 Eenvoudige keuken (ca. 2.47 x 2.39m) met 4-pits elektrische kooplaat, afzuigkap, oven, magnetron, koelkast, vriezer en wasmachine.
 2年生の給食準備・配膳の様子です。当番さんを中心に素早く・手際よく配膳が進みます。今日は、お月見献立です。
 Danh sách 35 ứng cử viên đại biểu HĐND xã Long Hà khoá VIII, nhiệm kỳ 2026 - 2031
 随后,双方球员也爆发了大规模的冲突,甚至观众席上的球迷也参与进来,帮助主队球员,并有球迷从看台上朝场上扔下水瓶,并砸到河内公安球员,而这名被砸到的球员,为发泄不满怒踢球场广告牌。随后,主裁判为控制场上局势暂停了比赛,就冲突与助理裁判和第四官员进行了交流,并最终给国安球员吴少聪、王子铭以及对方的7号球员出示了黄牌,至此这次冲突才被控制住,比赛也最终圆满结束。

☆ ☆ ☆ ☆ ☆ ☆ ☆

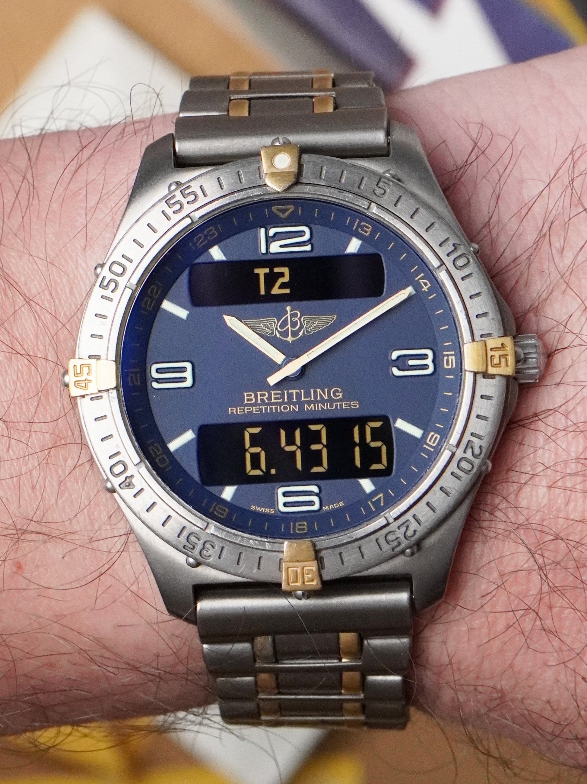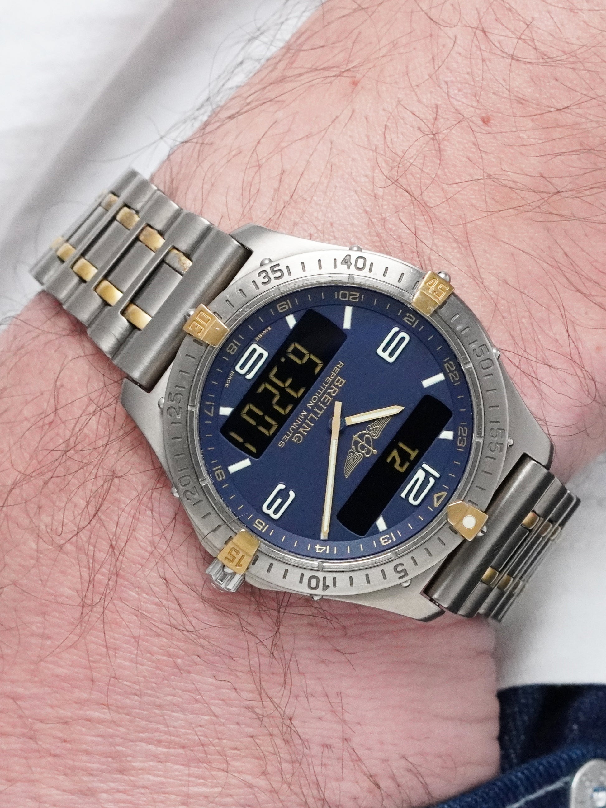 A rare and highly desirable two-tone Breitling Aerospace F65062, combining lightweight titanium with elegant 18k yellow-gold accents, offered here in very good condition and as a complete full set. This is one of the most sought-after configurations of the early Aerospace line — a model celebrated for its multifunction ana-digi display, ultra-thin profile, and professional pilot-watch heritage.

☆ ☆ ☆ ☆ ☆ ☆ ☆

> **What to produce**
Could you restate, word for word, the lines above from the one with "2年生の給食準備・配膳の様子" to the one with "随后,双方球员也爆发了大规模", both included?

> **Output below**
 2年生の給食準備・配膳の様子です。当番さんを中心に素早く・手際よく配膳が進みます。今日は、お月見献立です。
 Danh sách 35 ứng cử viên đại biểu HĐND xã Long Hà khoá VIII, nhiệm kỳ 2026 - 2031
 随后,双方球员也爆发了大规模的冲突,甚至观众席上的球迷也参与进来,帮助主队球员,并有球迷从看台上朝场上扔下水瓶,并砸到河内公安球员,而这名被砸到的球员,为发泄不满怒踢球场广告牌。随后,主裁判为控制场上局势暂停了比赛,就冲突与助理裁判和第四官员进行了交流,并最终给国安球员吴少聪、王子铭以及对方的7号球员出示了黄牌,至此这次冲突才被控制住,比赛也最终圆满结束。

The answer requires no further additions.